Итак, зерно в пирамиде и наше яйцо в аппарате в состоянии просуществовать некоторое время, не изменяясь. Оно живет глухой, сонной жизнью, бездеятельной, но зато нетребовательной. Что же нужно, чтобы обусловить пробуждение, дать толчок к настоящей жизни, к рождению? Свет? Он необязателен. Наоборот, зерно в земле и яйцо под курицей в нем не нуждаются. Воздух? Не больше того, что они уже имеют. Надо побольше тепла; яйцо требует своей определенной температуры. Что же касается влажности, то, бесполезная при нормальном высиживании яйца, она требуется в большом количестве в случае высиживания запоздавших яиц, так как в них зародыш высушен. Зерно же при всяких условиях требует влаги для прорастания… Теперь нам остается, — заключил Гамбертен, — только применить к нашему случаю эту остроумную и, признаюсь, совсем новую для меня теорию. Допустим, что жизнь хлебного стебля, выросшего из зерна, длится около года и что нам удалось задержать эту жизнь на четыре тысячи лет — установленный возраст пирамиды, — мы, следовательно, задержали жизнь растения на срок, в четыре тысячи раз превышающий ее нормальную продолжительность. Для куриного яйца, которое имеет слишком мало общего с зерном, цифры значительно падают: на пять лет нормального существования — три месяца задержки. Но в данном случае мы имеем игуанодона, то есть яйцеродное животное, по организации своей еще в некотором роде близкое к растениям и существовавшее во время, среднее между нашей эпохой и эпохой первобытной протоплазмы. Из этого следует, что он более близок к растениям, чем животные наших дней.
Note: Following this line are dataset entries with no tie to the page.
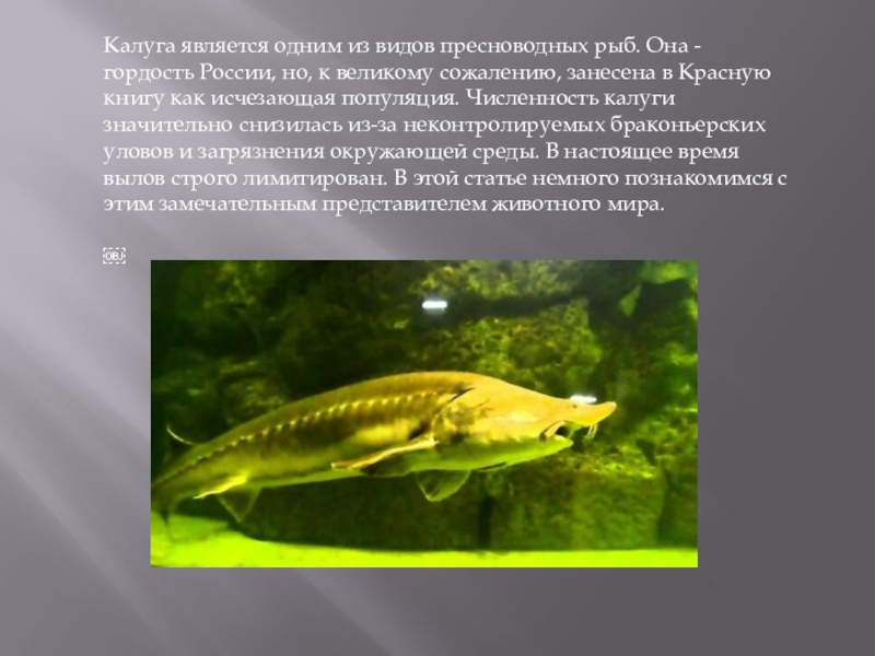 Слайд 2Калуга является одним из видов пресноводных рыб. Она - гордость России,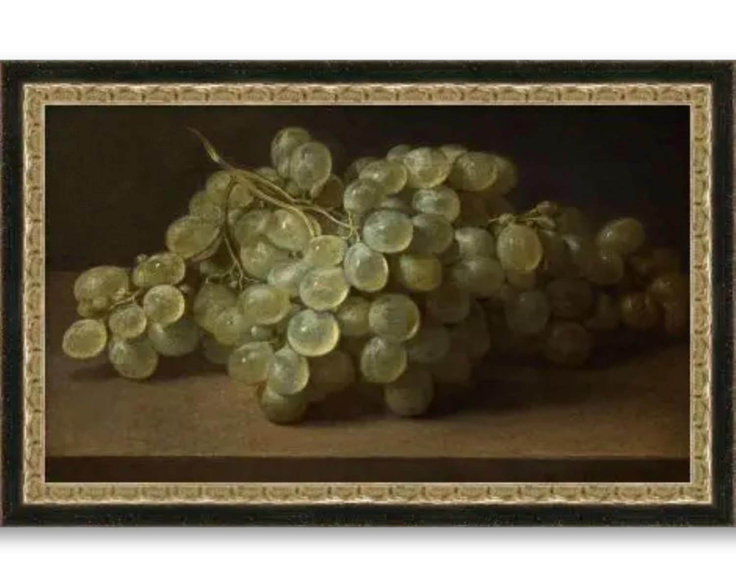 Indulge in the exquisite charm of the Ripened In Light framed art piece by Gabberts. This decorative still life showcases a luscious cluster of green grapes set against a backdrop of elegance. The hand-applied crackle finish adds a touch of sophistication, enhancing the traditional style of this giclee on canvas masterpiece. Mounted to hardboard for durability, this framed art product in black exudes luxury and refinement. Elevate your space with the timeless allure of Ripened In Light, a true statement piece for those with a discerning eye for beauty and quality.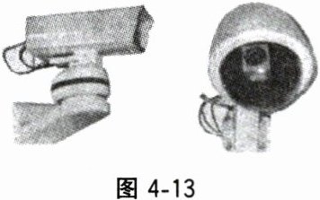 4. 图4 - 13是在一些交通道路口、银行等公共场所安装的两种电子监控器。它们的光学系统收集监控区域内的景物信息,光电转换系统把光信号转换成电信号,输送到监控中心,实现间接监控的目的。其光学系统的工作原理相当于( )。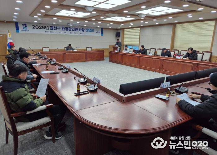 (뉴스인020 = 기자) 권선구 환경위생과는 최일선에서 일하는 환경관리원들을 격려하고 애로사항을 청취하고자 ‘환경관리원 간담회’를 2026년 1월 21일 오전 11시에 개최했다.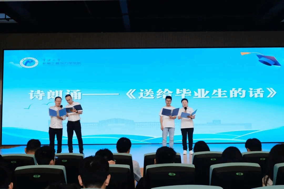 本科生班主任和研究生导师代表共同创作并朗诵,老师们用诗意的语言向毕业生们传达了最美好的祝愿和期许,赢得了现场阵阵掌声。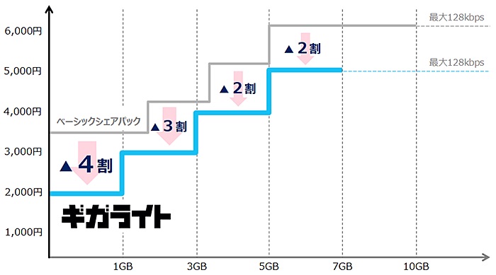 | ギガライト(Xi) | ステップ4 <~7GB> | 5,980円 | 7GB | 送受信時 最大128kbps | |||

Итак, устанавливая это различие по степени удаленности от общего предка, мы допускаем, что яйцо игуанодона может «проспать» промежуток времени, не в четыре тысячи раз, а лишь в две тысячи раз превышающий нормальное существование животного. Сколько же лет жили ящеры? Эти животные, втрое более крупные, нежели слон, вероятно, и жили втрое дольше. Есть толстокожие, век которых достигал двухсот лет. С другой стороны, ящеры принадлежат к классу пресмыкающихся, долговечность которых, как я вам говорил, просто невероятна. Я думаю, можно безошибочно утверждать, что ящеры могли бы жить лет пятьсот — три века слонов, но, будучи пресмыкающимися, они могли жить и дольше, скажем, семьсот лет. Исходя из этого, мы можем задержать пробуждение к жизни их яиц на срок, в две тысячи раз превышающий их нормальный век, то есть на миллион четыреста тысяч лет.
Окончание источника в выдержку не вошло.